The EU is investigating the GPU market for possible abuses after a raid on Nvidia offices
The European Commission has informally started collecting opinions on potential unfair practices related to graphics cards used for artificial intelligence (AI) applications. In this way, the EU is investigating whether there is a need for the next step, that is, a formal investigation when it comes to the GPU market.
The move came after French law enforcement authorities raided Nvidia’s offices last week on suspicion of so-called anti-competitive practices in the graphics card industry, Bloomberg reports.
Nvidia GPUs have become essential for training large-scale AI models, and the Nvidia H100 graphics processor has allowed the company to secure over 80 percent of the market, beating competitors such as Intel and AMD. If these initial investigations culminate in a formal EU antitrust investigation and Nvidia is eventually found guilty, the company could face serious fines of up to 10 percent of its global annual revenue.
In the case of Nvidia, that amount would be measured in the billions of dollars.
Meanwhile, France is conducting a parallel investigation after last week’s raid as the country’s authorities have taken a particular interest in understanding Nvidia’s dominant role and its pricing strategy. The fact that the EU investigation was announced immediately afterwards is a fact that underlines the seriousness of the situation in which Nvidia currently finds itself.

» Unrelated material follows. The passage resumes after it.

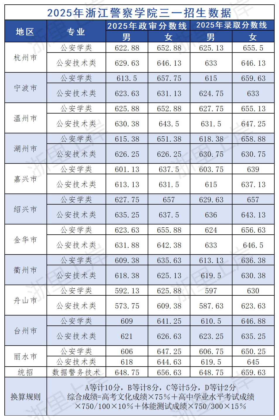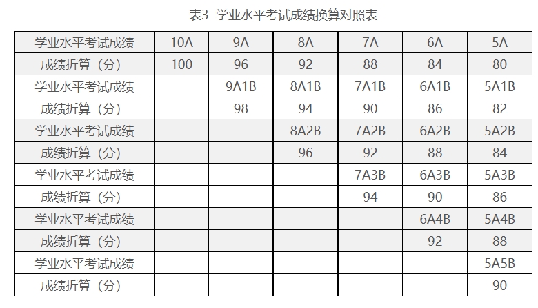 学考成绩折算方法:书面材料评审成绩=学业水平考试折算成绩[A等计10分,B等计8分,C等计6分(新高考之前的往届生学业水平考试C等计2分),D等计2分(满分100分)]×60%+中学阶段综合表现专家评分×40%。

It is definite that Nvidia is breaking records when it comes to AI GPUs and is reaching huge amounts of pure profit at breakneck speed. However, this was only to be expected since the company initially invested billions of dollars in optimizing its CUDA platform for AI applications. That, together with the performance of the A100 and H100 processors, not only solidified Nvidia’s position in the AI world, but pushed it far ahead of its rivals.
The dominant market position is certainly a testament to Nvidia’s innovation and capabilities, but it doesn’t seem to sit well with everyone, and it’s now under the microscope for potential antitrust implications. If things end badly for this company, it would be just another contribution to the thesis that the capitalist free market is not so free.